For this we leveraged ‘langdetect’ for language detection and a Translator for translating text. This supports multilingual queries by translating non-English queries into English before processing and then translating responses back into the original query language for maximal accessibility and comprehension for the user. This is the second dimension of the translational capability. The model accommodates detecting and translating for over 183 languages.

Next we built integration with OpenAI for Response Generation. OpenAI API Interaction: We incorporated OpenAI's API to generate responses based on the semantically relevant text chunks. It constructs a prompt that includes the relevant chunks and instructions for generating a coherent and contextually appropriate response. This allows leveraging advanced language models (like GPT) for synthesizing information from the PDF into a concise answer. It also includes page numbers, sections, and relevant information that directly cites the text to minimize hallucination or misattribution of information.

Challenges we ran into

We had a great deal of difficulty accommodating OpenAI’s API for this project based on its changed framework from previous uses which we were more familiar with. Additionally, the translational capability of the model had a restriction on the amount of tokens it could translate, meaning we had to break it down into manageable chunks and concatenate the translated answer together thereafter. After successfully implementing functionality within Google Colab, we attempted to provide a demo with a user interface on HuggingFace Spaces, using Gradio. Then, we would be able to embed this demo to a website. However, we were unable to migrate the code to Spaces even after debugging. We then planned to add the back-end code to Flask, and design our own UI, but we ran out of time.

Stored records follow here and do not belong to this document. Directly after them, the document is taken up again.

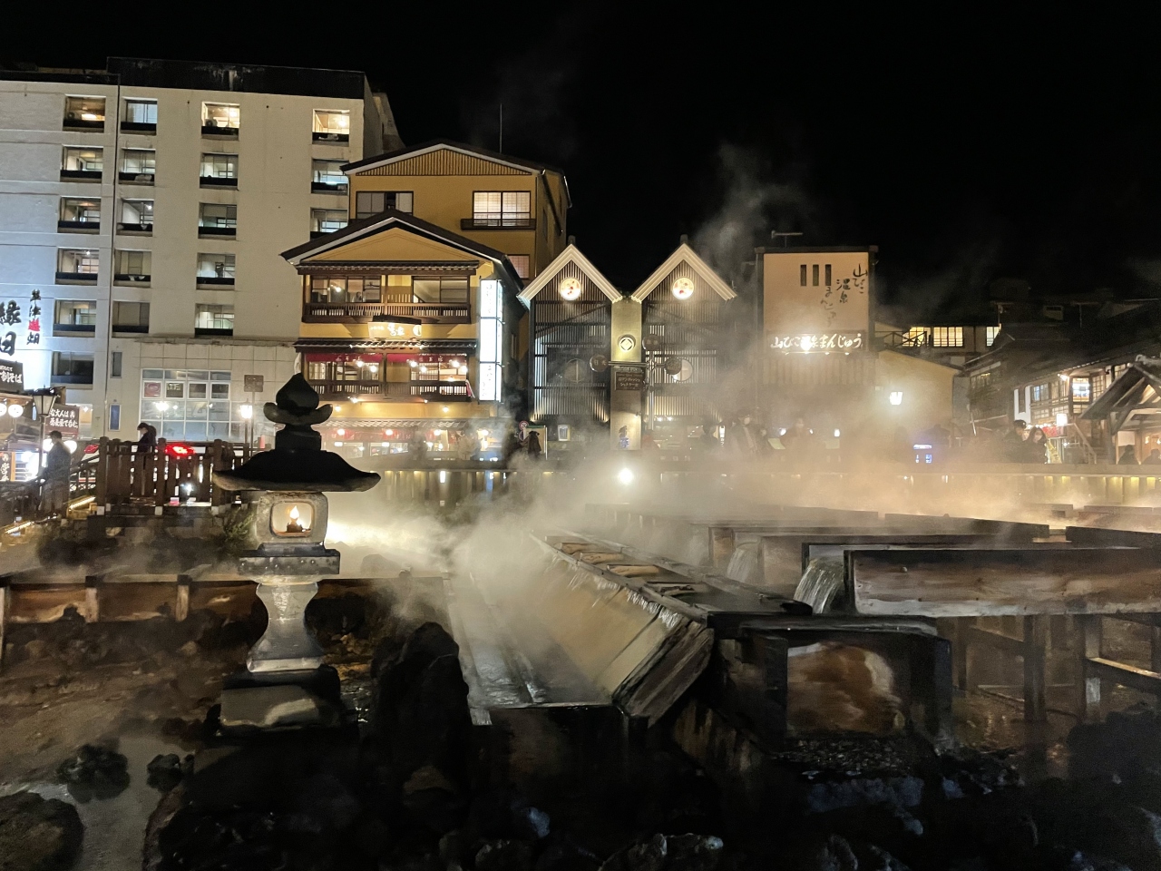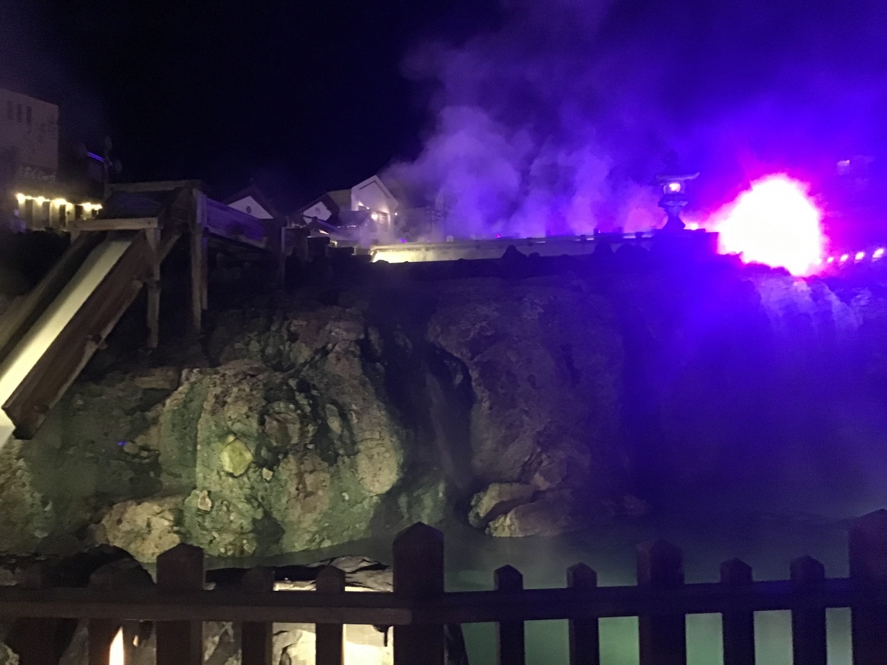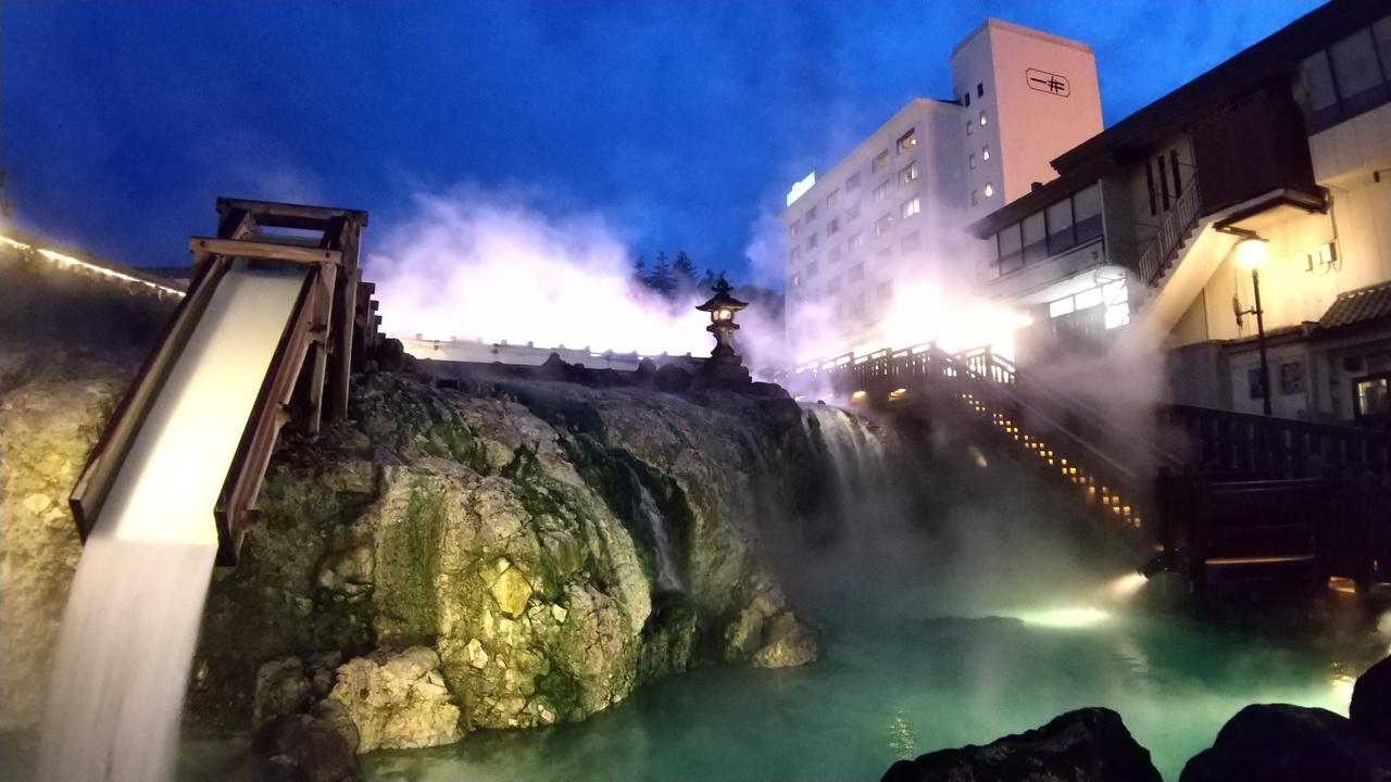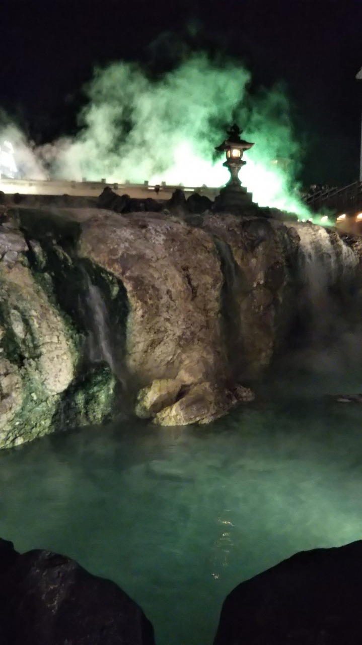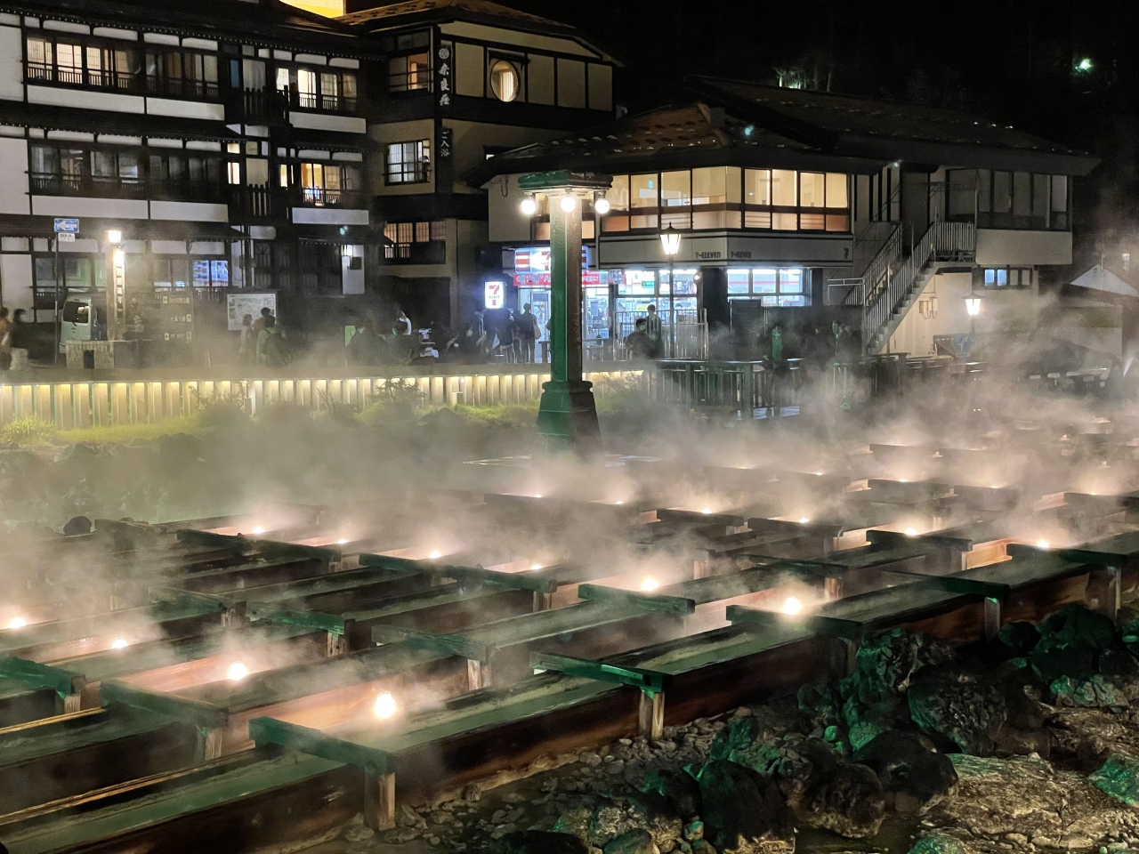 ライトアップされた夜の湯畑の雰囲気が良いです!
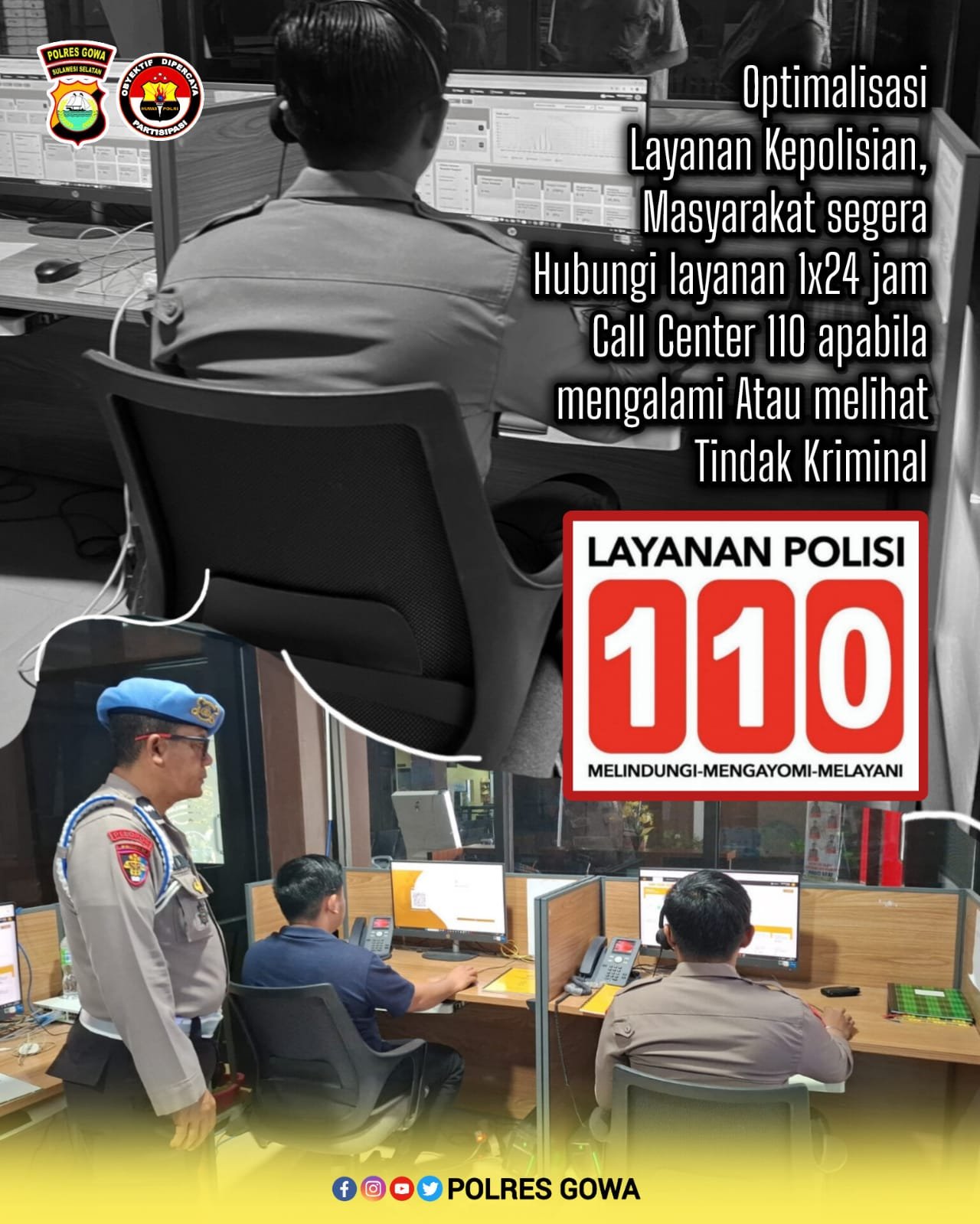 GOWA | FAJARINDONESIANEWS.ID-Dalam upaya meningkatkan pelayanan kepada masyarakat serta menjaga situasi keamanan dan ketertiban tetap kondusif, Polres Gowa terus mengoptimalkan layanan kepolisian melalui Call Center 110 yang siap melayani masyarakat selama 1×24 jam, Jum’at (3/4/2026).
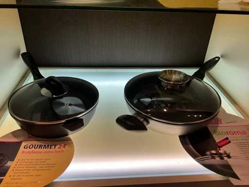 2 x sauteerpanmet deksel en 1 x vetarm bakken pan met deksel
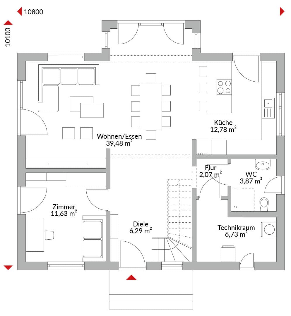 Eineinhalbgeschossiges Haus mit fünf Zimmern, einer Ankleide, offener Küche, Bad, Gäste-WC, Technikraum, Diele und Flur. Satteldach mit 35° Dachneigung, Kniestock 1,25 m. Inklusive Erker und Balkon.

Accomplishments that we're proud of

The translation feature is something that we are proud of. LilDewey can translate in 183 languages, providing global usage. This feature also allows the project to be a lot more accessible. It was also a bit of a challenge initially to think about the logic behind implementing the translation effect into our ML algorithm. We had some issues with the translation AI API we had to deal with and are proud of how we managed to work around it to get great results.

What we learned

We learned a lot about Embedded Large Language Models. We also learned about how to take text and properly encode it so we could perform a K-means clustering unsupervised machine learning algorithm on the data to replicate this. We also learned a lot about how to integrate the GTP-4 API into our algorithm to get human-like results. We also attempted to build a UI which taught us a lot about how integration works and how to build interfaces on websites such as Hugging Face which allow users to host machine learning applications on their site.

What's next for LilDewey

The next steps for LilDewey, apart from his aspiring rap career, is to improve the project’s usability. Currently, we have the translation feature to work on accessibility. However, for large textbooks with large amounts of data, the algorithm can take a while to run. Improving the algorithm's time efficiency would make it easier to use and more effective. We also want to develop the UI for a website, possibly making a website to allow users to use this ML and make it personal for a user such as recommending other textbooks to the user or storing the textbooks they upload.